** SUPPLIED DATA **
******************************
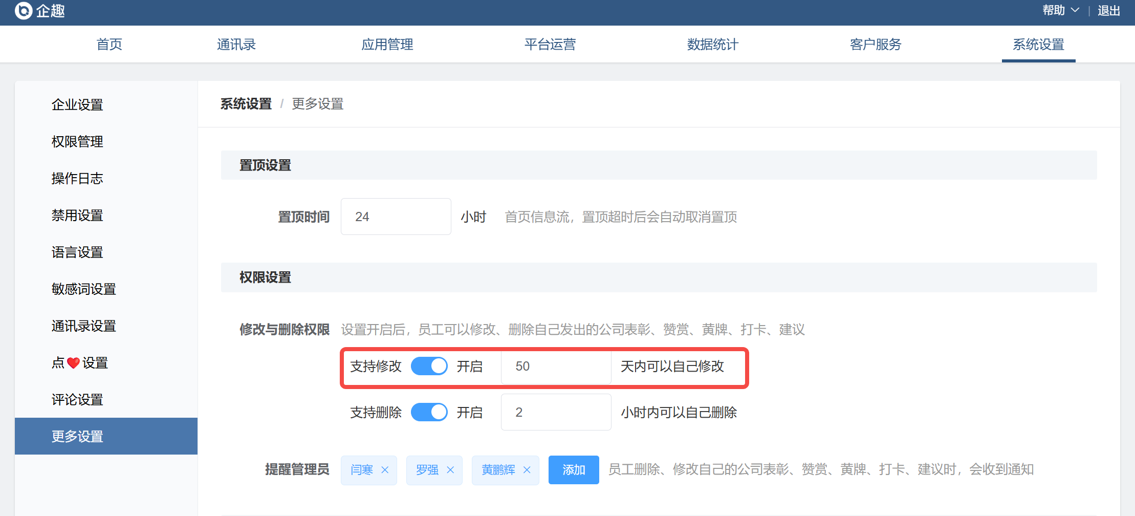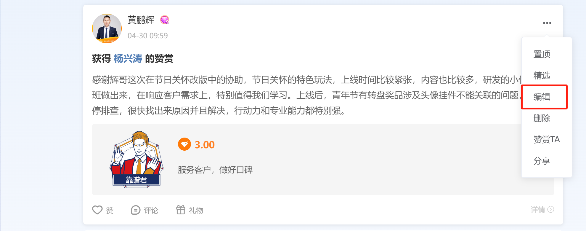 管理员后台开启可以修改自己发出的赞赏、打卡内容时,电脑端新增编辑选项。
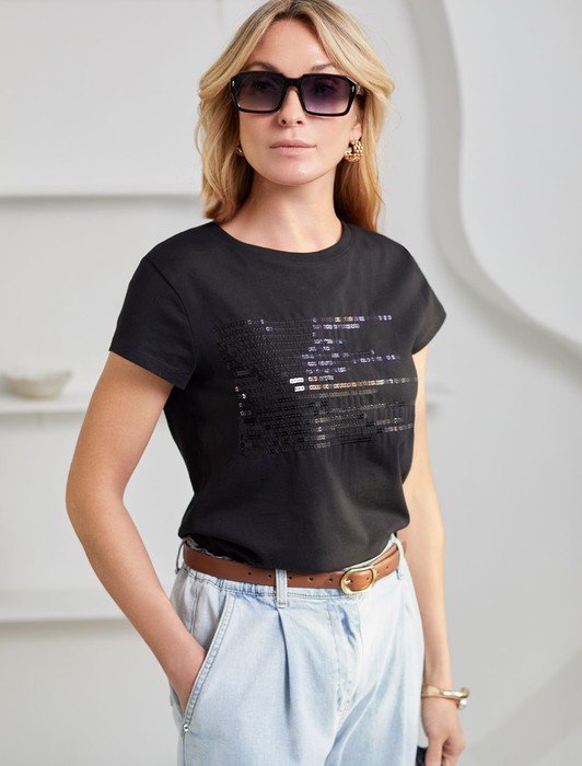 Совместные покупки Нижний Тагил Женская одежда Футболки — Нарядная футболка с принтом пайетками
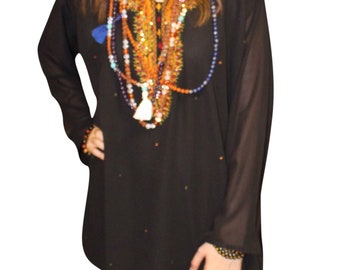 Women Black Caftan Dress Embellished Resort Wear Short Kaftan One Size
******************************
** PROBLEM TO WORK ON **
Quote verbatim the final run of lines in the material above, from the line that contains "Совместные покупки Нижний" through the very last line, excluding any pictures.

** REPLY TO THE TASK **
 Совместные покупки Нижний Тагил Женская одежда Футболки — Нарядная футболка с принтом пайетками
 Women Black Caftan Dress Embellished Resort Wear Short Kaftan One Size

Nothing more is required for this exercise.